Our main work for 2016 has been developing the infrastructure to follow up on our December 2015 posting on the Visionary Cross data model. As we mention there, the Visionary Cross project has always seen itself intellectually as a curated data set and expressed allegiance to the kind of “just-in-time” editing advocated for by Joris van Zundert and others (see Boot and van Zundert 2011 and van Zundert 2012 below). But we had not, until our December 2015 meeting in Lethbridge, really understood the implications of that understanding in terms of what we might call “the craft of edition-making.” As I mentioned in my posting on the Lethbridge meeting, we had always understood the Digital Library parts of our project as being a question of system–D-Space vs. Omeka vs. Greenstone–and not really recognised the extent to which those systems were really secondary questions to metadata and organisation: “left hand” issues in the terminology of our meeting.

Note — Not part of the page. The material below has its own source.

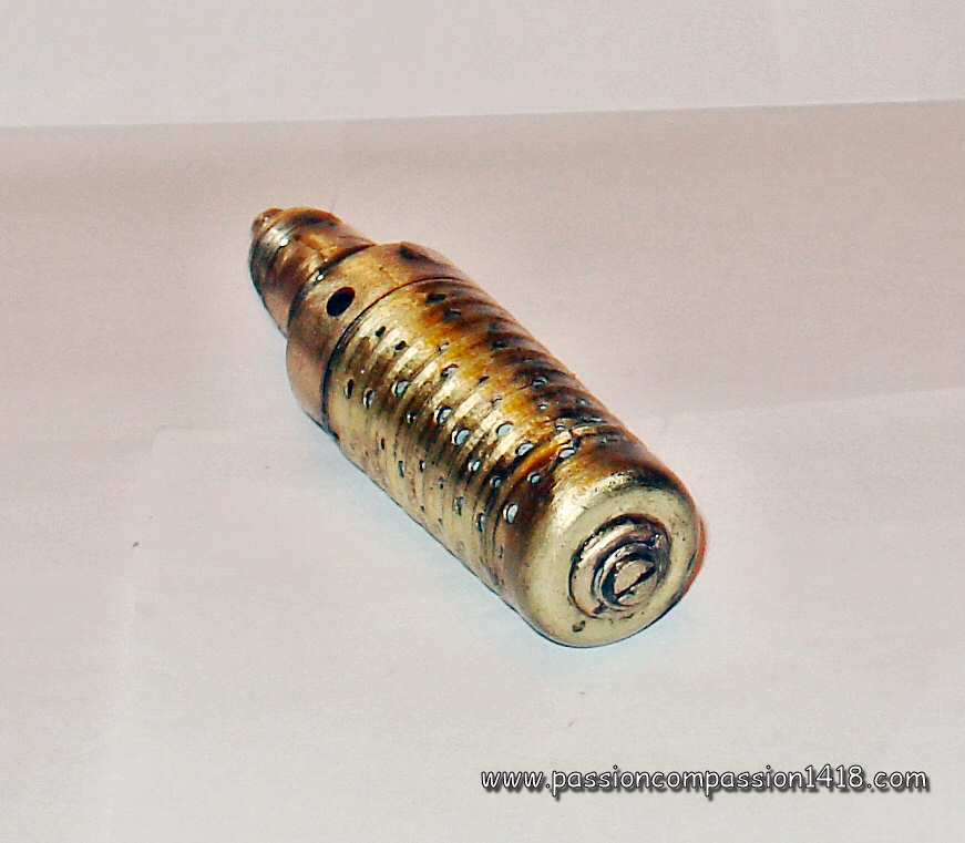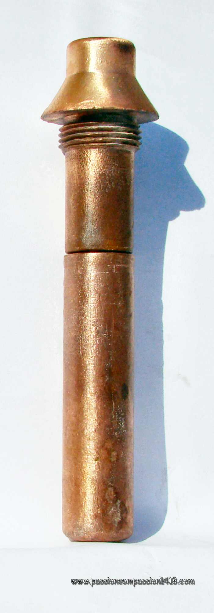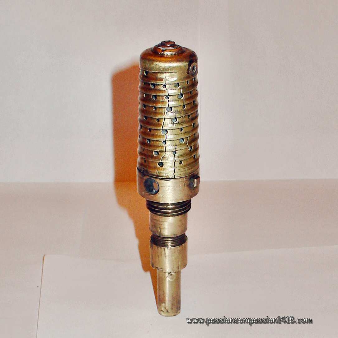 Fusée concutante de 22/24. Vue du dessus avec le bouchon vissé de tête donnant accès au porte rugueux mobile, et une des fenètres par lesquelles les flammes de la charge incendiaire pouvaient jaillir. |

Investigating data publication: OPenn Pros and Cons
The model we began to use instead was that of OPenn, the new and minimalist Digital Library/Repository published by the University of Pennsylvania library. And in fact we spent most of the Spring looking at what would be required to get our data into OPenn: working out metadata standards required and, especially, thinking through the nature of our objects and their relationship to each other.
In the course of the Spring, however, we began to realise that OPenn was a good model, but not a great solution, for the particular needs of the Visionary Cross project. In particular, we ran into two main issues that led us into looking at ways of emulating rather than joining the Pennsylvania model:
- OPenn is organised around physical repositories and can’t easily handle virtual collections;
- OPenn is a system that requires negotiation to join.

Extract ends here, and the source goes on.